Le risque de fluorose est associé à la prise de dentifrice fluoré à une concentration inappropriée avant l’âge de 1 an [7] ou de 2 ans [8]. Pourtant, c’est l’âge de 3 ans qui est classiquement désigné comme la limite d’âge critique en deçà de laquelle la proportion de dentifrice ingérée est de l’ordre des deux tiers de la quantité utilisée (fig. 1). En pratique clinique, chez un enfant de moins de 6 ans à risque carieux élevé, le bénéfice d’un dentifrice fluoré à 1 000 ppm doit être considéré par rapport au risque de fluorose et la décision fondée sur la notion de bénéfice/risque doit être discutée avec les parents [7, 9]. Aussi, dans ce contexte, la quantité de dentifrice doit être supervisée pour réduire le risque de fluorose tout en renforçant l’effet cario-protecteur. Ainsi, une trace de dentifrice à 1 000 ppm peut être recommandée de 1 à 3 ans pour passer à une quantité équivalente à la taille d’un petit pois après l’âge de 3 ans [9] (fig. 2 et 3).
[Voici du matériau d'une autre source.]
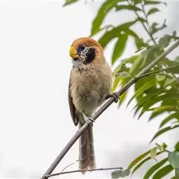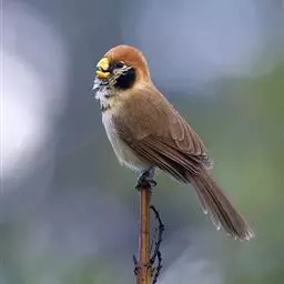 白眶鸦雀是莺科、鸦雀属小型鸟类,体长12-14厘米。嘴黄色、短而粗厚,头顶至后颈褐色沾棕具白色眼圈,…
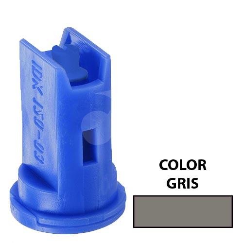 Boquilla antideriva IDK de 120º. De muy buena estructura de deposición y penetración de cultivos. De 1,5 a 6 bares de presión. Utiliza tuerca bayoneta referencia 289. De color gris.
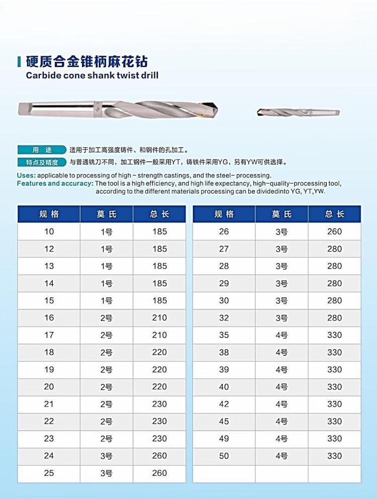 - 商品名称:沐鑫泰 莫氏锥柄麻花钻 Φ20 镶硬质合金 外冷 硬质合金 整体式 220mm 19mm 莫氏锥柄#2 铸铁;钢 国产 锥柄 物理涂层 锥柄麻花钻-硬质合金-φ19mm 118° 1支/支 支
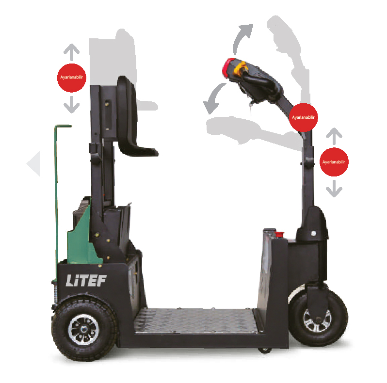 Dört yönlü kontrol kolu, kademesiz hız kontrolü ve elektromanyetik fren sistemi sayesinde operatöre güvenli ve hassas kullanım imkanı sunar. Ayarlanabilir sırt dayanağı ve ayakta kullanım ergonomisi ile uzun süreli operasyonlarda konfor sağlar. Bu özellikleriyle elektrikli depo çekici segmentinde kullanıcı dostu bir çözüm sunar. :contentReference[oaicite:1]{index=1}
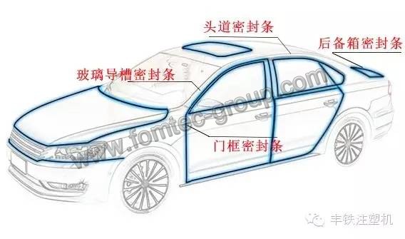 汽車密封條主要用于車門、車窗、車身、天窗、發(fā)動機箱和后備箱等部位,具有隔音、防塵、防滲水和減震等功能,它既起到保持和維護車內(nèi)小環(huán)境的作用,又對車內(nèi)乘員、機電裝置及附屬物品起保護作用。
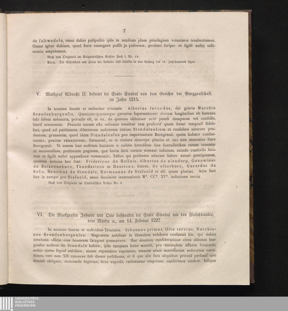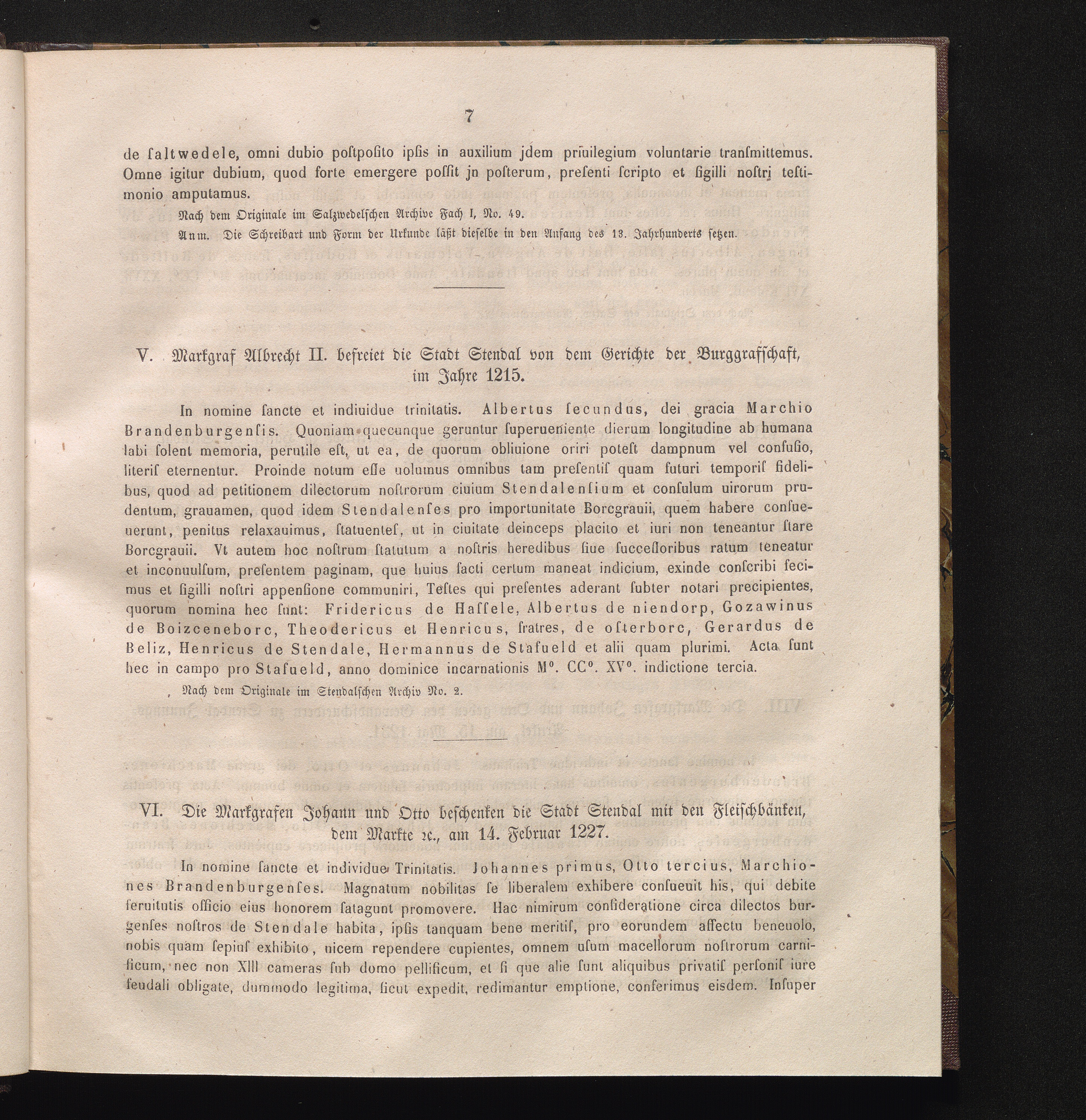 VI. Die Markgrafen Johann und Otto beschenken die Stadt Stendal mit den Fleischbänken.[...]

Fausse idée reçue : « Il faut recommander un dentifrice au goût fruité car il favorise la réalisation du brossage chez les enfants de moins de 6 ans. »
Ces dentifrices ont l’inconvénient d’être avalés en plus grande quantité du fait de leur agréable goût sucré.
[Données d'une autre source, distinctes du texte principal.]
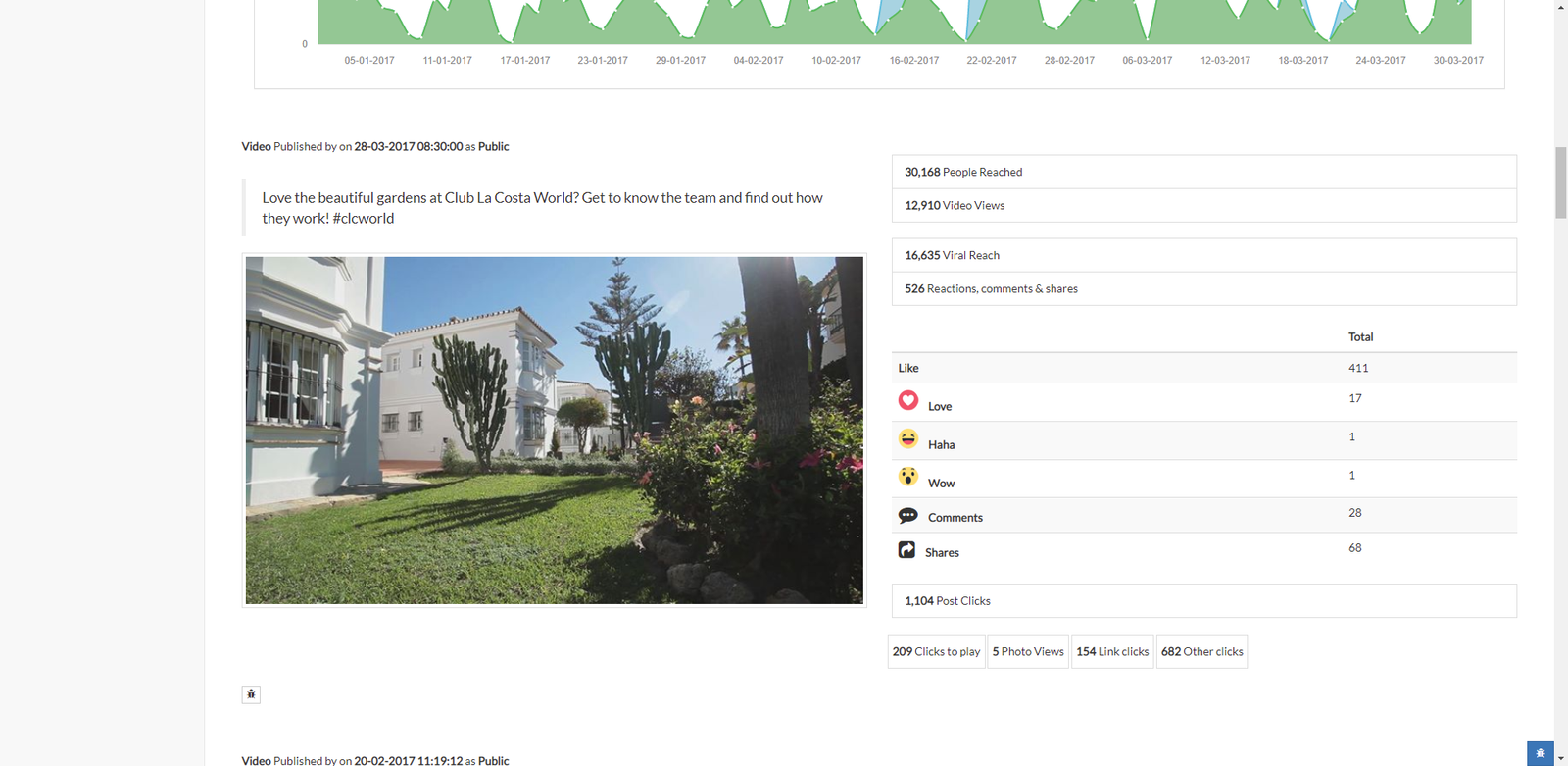 It also tracks ‘reach’ over a specifiable time period, translating results into sleek-looking graphs and numerical diplays. The tool then gives the administration the ability to select particular posts,usually based on performance, and display them in a report.
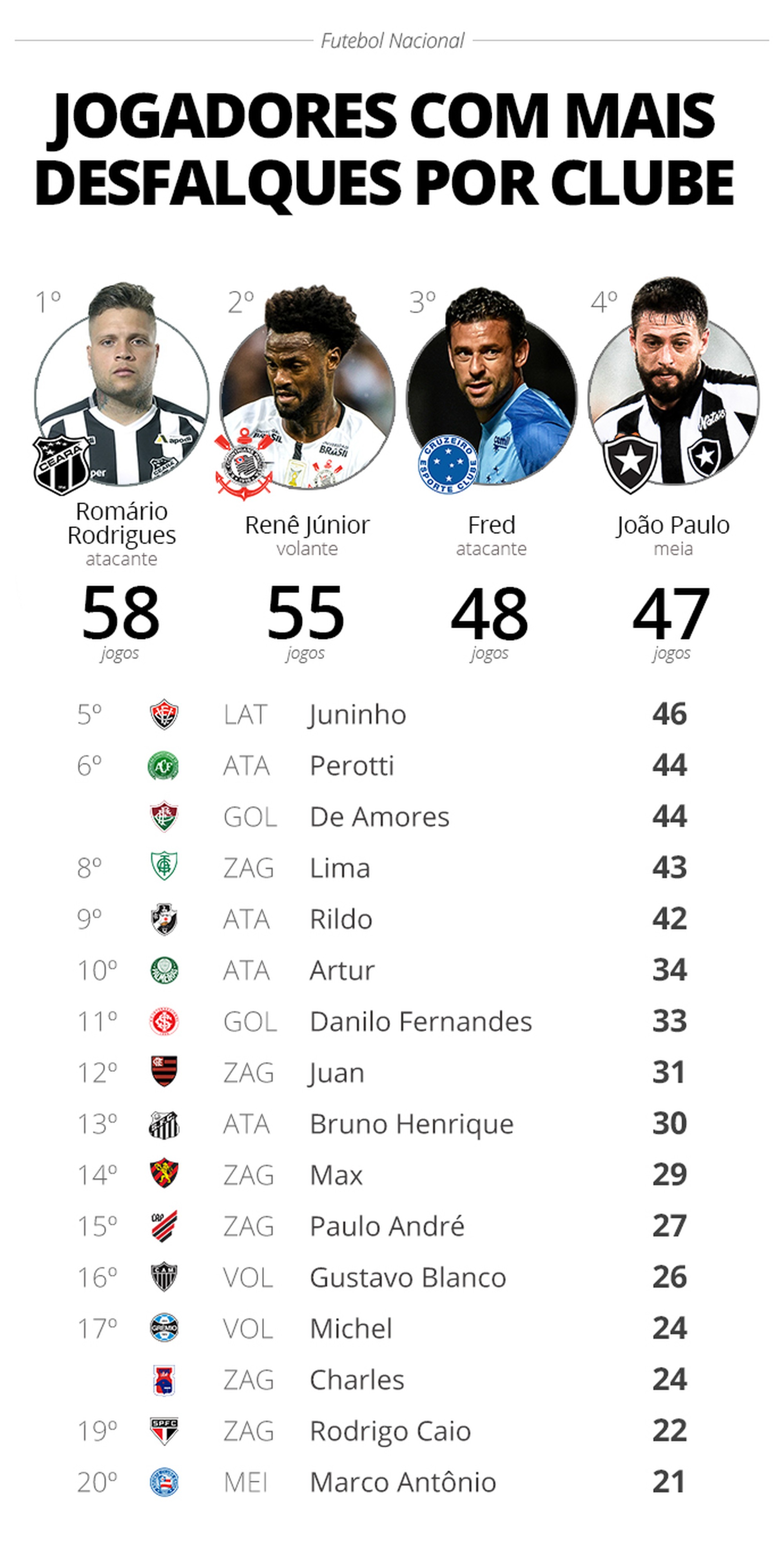 O jogador que mais desfalcou um time da Série A neste ano é do Ceará: Romário Rodrigues. O atacante do Vovô teve uma lesão séria no joelho no início do ano e ficou afastado até julho. Depois disso, ele ainda sofreu outra contusão em setembro. No total, foram 58 jogos fora.

Un dentifrice à 5 000 ppm utilisé deux fois par jour permet d’intercepter des lésions carieuses non cavitaires actives, coronaires et radiculaires, par comparaison à des dentifrices fluorés standard dans le cadre d’essais cliniques randomisés respectivement réalisés chez des adolescents [10] et des adultes affectés par des récessions gingivales [11]. De même, le dentifrice contenant 1 450 ppm de fluor et 1,5 % d’arginine est plus efficace qu’un dentifrice fluoré standard de même concentration dans l’interception des lésions radiculaires [12]. En pratique, l’interception des lésions non cavitaires grâce à l’utilisation biquotidienne d’un topique fluoré dépend également de la correction des facteurs prédisposant le sujet à un risque carieux élevé (par exemple, conseils visant à corriger une alimentation riche en sucre, scellements des puits et sillons anfractueux).
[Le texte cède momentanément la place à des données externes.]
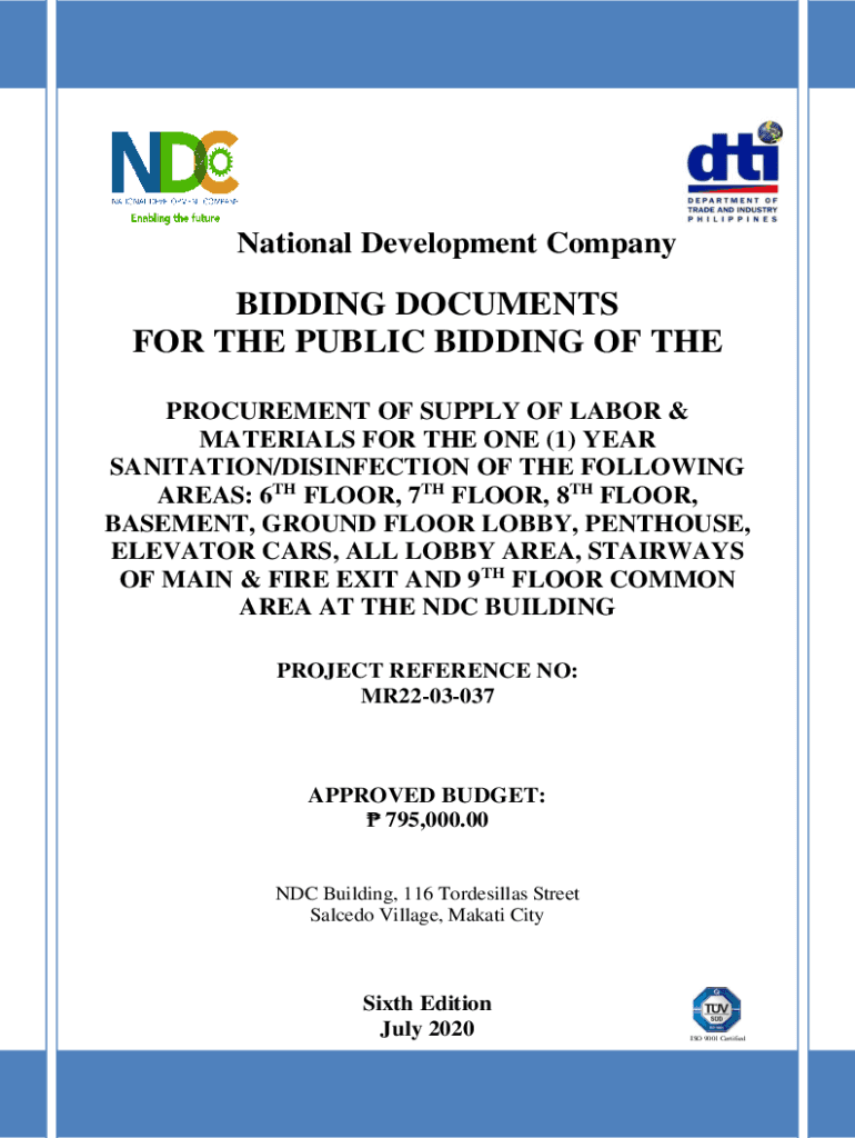 National Development CompanyBIDDING DOCUMENTS FOR THE PUBLIC BIDDING OF THE PROCUREMENT OF SUPPLY OF LABOR & MATERIALS FOR THE ONE (1) YEAR SANITATION/DISINFECTION OF THE FOLLOWING AREAS: 6TH FLOOR,
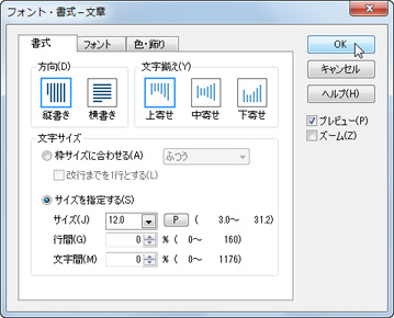 [文章(B)]欄に文字を入力します。 | ||||||||||||||||||
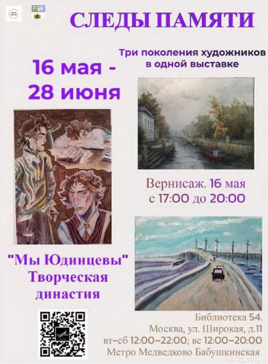 ДРУЗЬЯ, анонсирую, что очень скоро после майских праздников пойдет наша очередная семейная выставка династии Юдинцевых. ПРЕСС-РЕЛИЗ «Следы памяти»: в библиотеке №54 представят работы трёх поколений династии Юдинцевых Дата проведения: 16 мая – 28 июня 2026 года Место: г. Москва, библиотека №54, ул. Широкая, д. 11 (м. Медведково) С 16 мая по 28 июня 2026 года в московской библиотеке №54 пройдёт семейная выставка «Следы памяти», объединяющая живопись и графику трёх представителей династии Юдинцевых. Зрители увидят порядка 23 произведений, созданных в разные годы и в разных манерах – от классического пейзажа до современных аниме-влияний. В экспозиции представлены: · Наталья Юдинцева (1977 г.р.) – 18 живописных работ. Это яркие, непохожие друг на друга пейзажи из нескольких серий: виды парка «Царицыно», мотивы заходящего солнца, «питерская» серия, пейзажи с элементами абстракции, пейзажи-метаморфозы и метафизические композиции. Особое место занимает натюрморт «Пробуждение весны» (2022
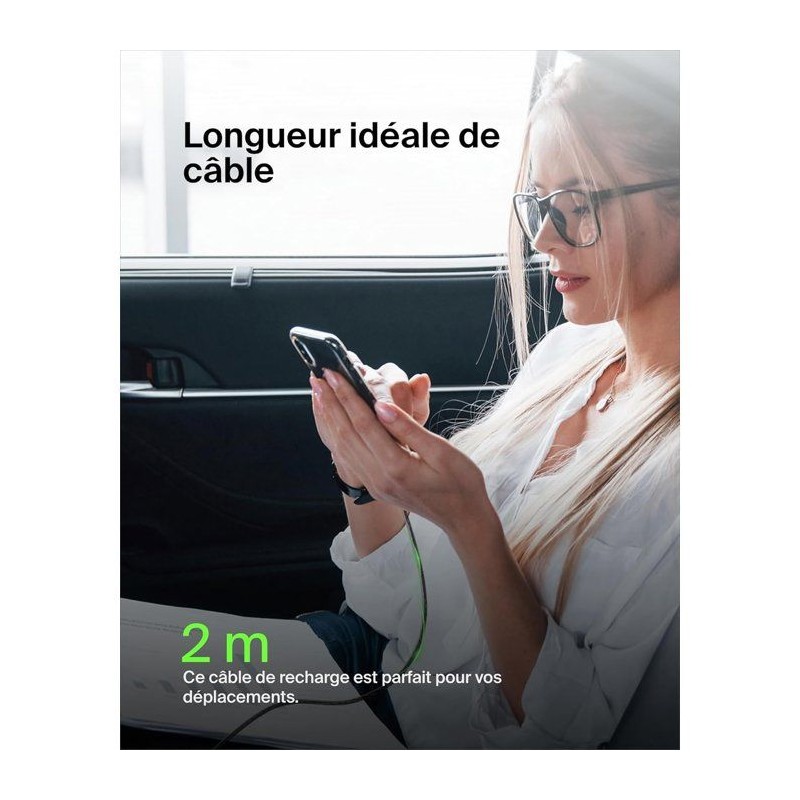 Câble tressé - BELKIN - USB-C vers USB-A - 2 m - Noir

Il faut recommander aux parents d’effectuer ou de superviser le brossage de leur enfant pour une réduction significative de l’incidence carieuse (FP :- 10 % ; IC 95 % : - 17 à - 4 % ; 46 essais cliniques randomisés) [13]. Cette recommandation s’applique jusqu’à au moins 6 ans, même si elle est souvent difficile à imposer avec l’acquisition de l’indépendance de l’enfant en âge préscolaire (fig. 4).
Quel que soit l’âge, il faut au moins se brosser les dents 2 fois par jour (FP d’un brossage biquotidien comparé à un brossage quotidien : 14 % ; IC 95 % : 6 à 22 % ; 70 essais cliniques randomisés) [13].
Fausse idée reçue : « Il faut se rincer les dents après le brossage. »
Au contraire, le rinçage réduirait l’effet du dentifrice fluoré. Il suffit de recracher l’excès de dentifrice présent en bouche sans se rincer à l’eau [6].
La fraction préventive (FP) se calcule en référence à la différence d’augmentation du CAOF (D) ou du caof (d)*, pendant le suivi de l’essai clinique randomisé, entre le groupe de sujets « traités » avec le dentifrice fluoré testé et le groupe de sujets « contrôles » utilisant un placebo ou un dentifrice d’un autre dosage.
La fraction préventive indique le pourcentage de lésions carieuses évitées grâce au dentifrice fluoré testé comparé au contrôle. Son intervalle de confiance à 95 % (IC 95 %) ne doit contenir que des valeurs limites positives lorsque le dentifrice fluoré testé est efficace.
* CAOF (D) : nombre de faces (dents) permanentes cariées, absentes pour cause de carie et obturées. L’indice carieux écrit en lettres minuscules fait référence aux dents temporaires.